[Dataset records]
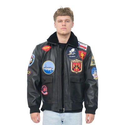 Originally created in 1985, this unique vintage flight jacket was made recognisable by its appearance in the iconic “Top Gun” movie. This jacket features a russet-coloured sheepskin collar, seen in the 60s bomber jacket designs, as well as all 17 patches and the USN Anchor pin, as seen in the film. For authenticity, the leather and patches are given a special vintage treatment, to produce a more worn in patina. For an inspired twist on the classic, we have also featured this style with the badges in more subdued hues to make for a sleeker alternative to the bold original. • High quality genuine cow hide • Iconic in pop culture from its appearance in “Top Gun” • Classic sheep skin shirt style collar • Features 17 patches and USN Anchor Pin on jacket front • Deep pockets on the jacket front as well as internal storage compartments
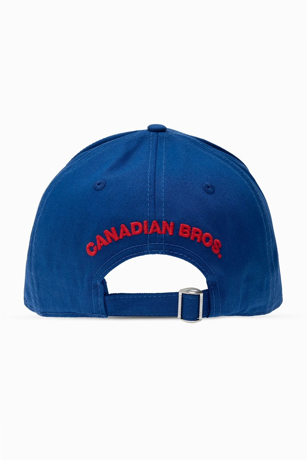 Niebieska, bawełniana czapka z daszkiem Dsquared2. Ozdobiona naszywką z logo w kolorze czarno-czerwonym. Z tyłu regulowany pasek.
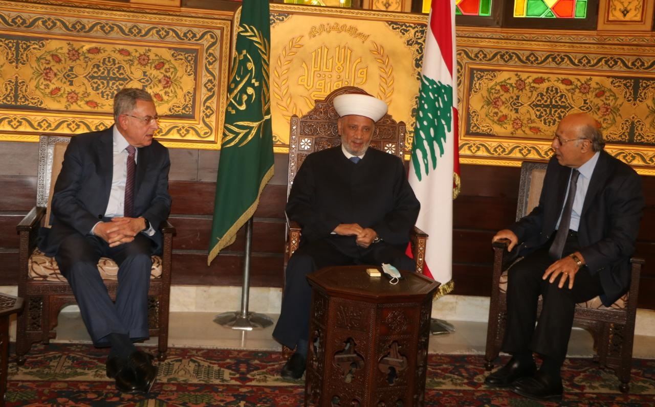 بعد اللّقاء، أشار السنيورة إلى أنه "كعادتنا نأتي بين الحين والأخر إلى هذه الدار الجامعة للمسلمين وللبنانيين للتشاور مع المفتي ولتبادل الأفكار معه في أحوال لبنان واللبنانيين التي تردت، ولا سيما بسبب ما آلت إليه أحوال لبنان ودولته. ومن ذلك ما جرى من إطباق وتسلط عليه وعليها من قبل الدويلات الطائفية والمذهبية والمليشياوية واللذين أسهما في هذا الانهيار الكبير الحاصل في الأوضاع الوطنية والسياسية والاقتصادية والمالية والنقدية والمعيشية، والتي يئن منها اللبنانيون، والتي أوصلتهم إلى حدود انعدام الثقة بالمستقبل، والتي كان أحد أوجهها ما يشهده اللبنانيون من قوارب الموت التي يستقلها البؤساء من اللبنانيين وغير اللبنانيين أملاً في الخروج من الجحيم اللبناني لتبتلعهم أمواج البحر".
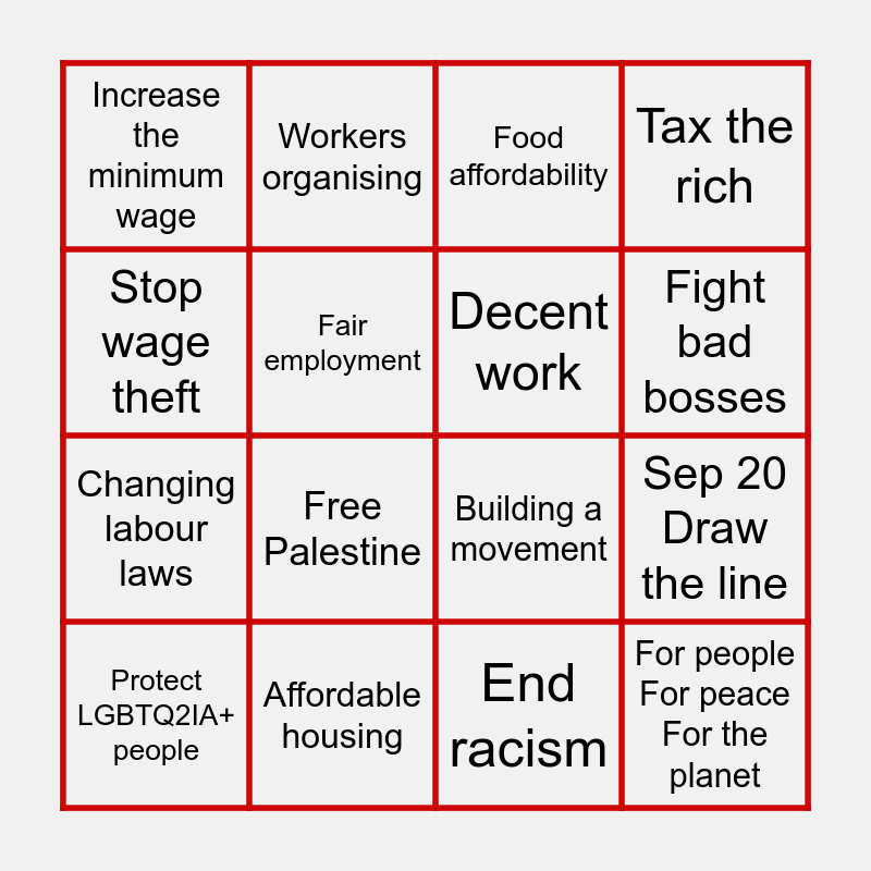 This bingo card has 24 words: Status for All, Health for All, Fight bad bosses, Justice for workers, Stop wage theft, Increase the minimum wage, Fair employment, Workers organising, Affordable housing, Stop bill C-2, Changing labour laws, Building a movement, Protecting workers' rights, Dignity & Fairness, Decent work, Better jobs, End racism, Food affordability, Free Palestine, Sep 20 Draw the line, Protect LGBTQ2IA+ people, For people For peace For the planet, Tax the rich and End fossil fuels.
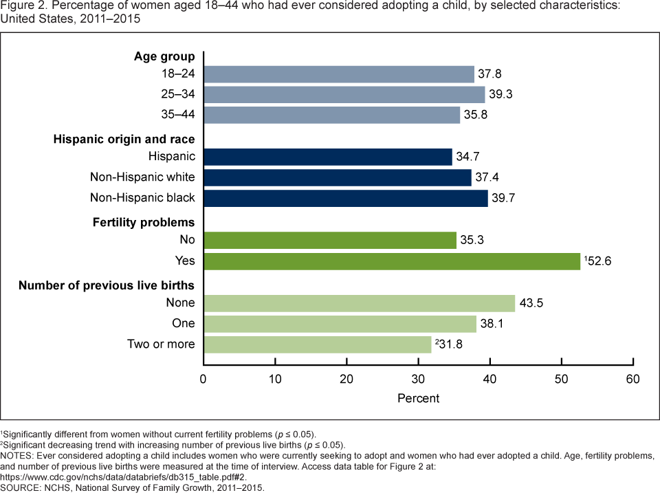 The adoption-related behaviors described in this report varied by selected background characteristics such as age, Hispanic origin and race, current fertility problems, and number of births. In 2011–2015, nearly 38% of women aged 18–44 had ever considered adopting a child. Compared with women without fertility problems, women with current fertility problems were more likely to have ever considered adopting, which is consistent with previous findings that women with infertility or impaired fecundity and those who have used infertility services are more likely to have considered adoption than those without fertility problems and who did not use fertility services (5). This report shows that women aged 25–34 and 35–44 and women with current fertility problems were more likely than women aged
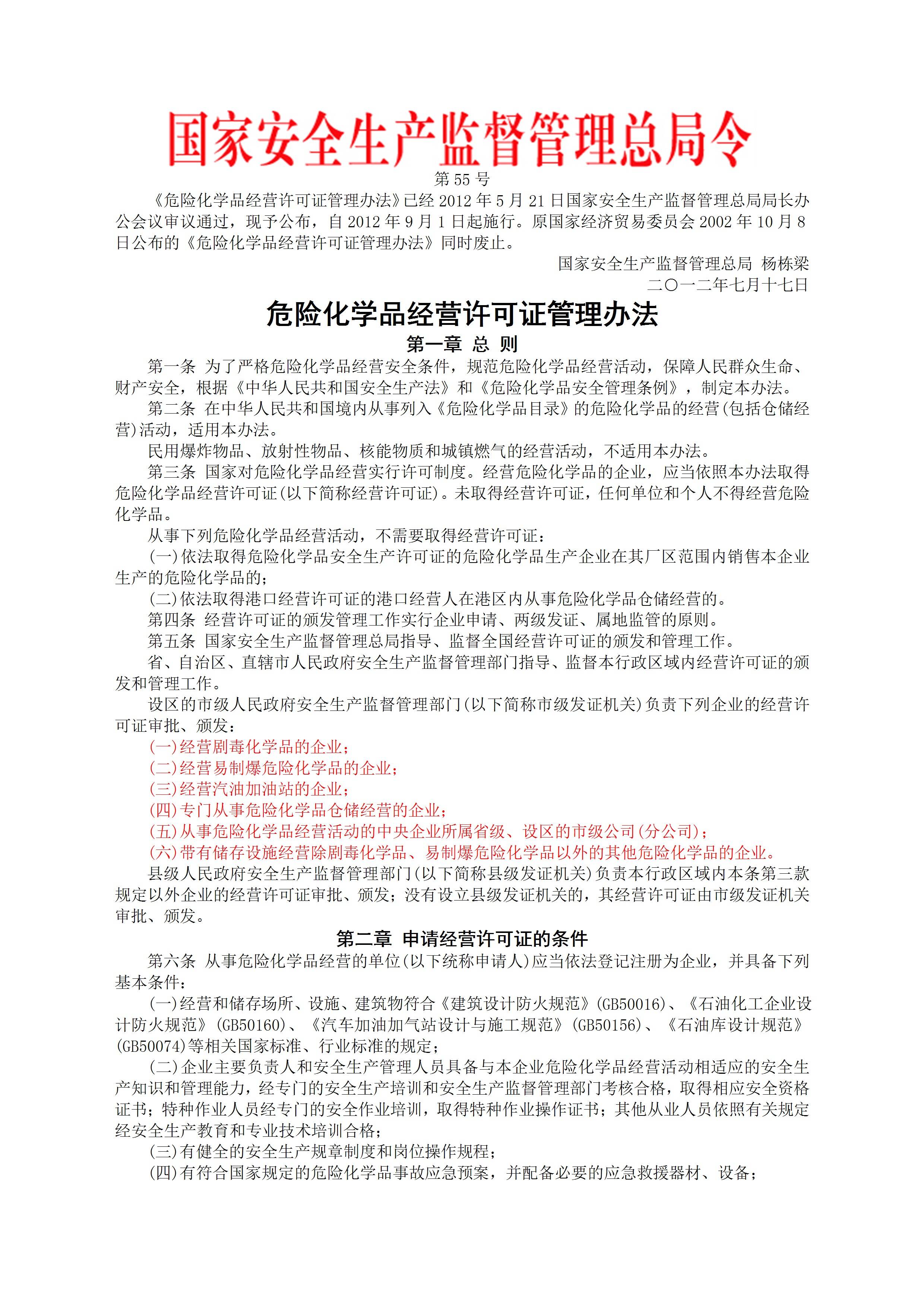 / 国家安监总局令[2012]第55号危险化学品经营许可证管理办法

- **Problem details**: What you return must match each record exactly and contain no images.

- **Your solution**:
 Originally created in 1985, this unique vintage flight jacket was made recognisable by its appearance in the iconic “Top Gun” movie. This jacket features a russet-coloured sheepskin collar, seen in the 60s bomber jacket designs, as well as all 17 patches and the USN Anchor pin, as seen in the film. For authenticity, the leather and patches are given a special vintage treatment, to produce a more worn in patina. For an inspired twist on the classic, we have also featured this style with the badges in more subdued hues to make for a sleeker alternative to the bold original. • High quality genuine cow hide • Iconic in pop culture from its appearance in “Top Gun” • Classic sheep skin shirt style collar • Features 17 patches and USN Anchor Pin on jacket front • Deep pockets on the jacket front as well as internal storage compartments
 Niebieska, bawełniana czapka z daszkiem Dsquared2. Ozdobiona naszywką z logo w kolorze czarno-czerwonym. Z tyłu regulowany pasek.
 بعد اللّقاء، أشار السنيورة إلى أنه "كعادتنا نأتي بين الحين والأخر إلى هذه الدار الجامعة للمسلمين وللبنانيين للتشاور مع المفتي ولتبادل الأفكار معه في أحوال لبنان واللبنانيين التي تردت، ولا سيما بسبب ما آلت إليه أحوال لبنان ودولته. ومن ذلك ما جرى من إطباق وتسلط عليه وعليها من قبل الدويلات الطائفية والمذهبية والمليشياوية واللذين أسهما في هذا الانهيار الكبير الحاصل في الأوضاع الوطنية والسياسية والاقتصادية والمالية والنقدية والمعيشية، والتي يئن منها اللبنانيون، والتي أوصلتهم إلى حدود انعدام الثقة بالمستقبل، والتي كان أحد أوجهها ما يشهده اللبنانيون من قوارب الموت التي يستقلها البؤساء من اللبنانيين وغير اللبنانيين أملاً في الخروج من الجحيم اللبناني لتبتلعهم أمواج البحر".
 This bingo card has 24 words: Status for All, Health for All, Fight bad bosses, Justice for workers, Stop wage theft, Increase the minimum wage, Fair employment, Workers organising, Affordable housing, Stop bill C-2, Changing labour laws, Building a movement, Protecting workers' rights, Dignity & Fairness, Decent work, Better jobs, End racism, Food affordability, Free Palestine, Sep 20 Draw the line, Protect LGBTQ2IA+ people, For people For peace For the planet, Tax the rich and End fossil fuels.
 The adoption-related behaviors described in this report varied by selected background characteristics such as age, Hispanic origin and race, current fertility problems, and number of births. In 2011–2015, nearly 38% of women aged 18–44 had ever considered adopting a child. Compared with women without fertility problems, women with current fertility problems were more likely to have ever considered adopting, which is consistent with previous findings that women with infertility or impaired fecundity and those who have used infertility services are more likely to have considered adoption than those without fertility problems and who did not use fertility services (5). This report shows that women aged 25–34 and 35–44 and women with current fertility problems were more likely than women aged
 / 国家安监总局令[2012]第55号危险化学品经营许可证管理办法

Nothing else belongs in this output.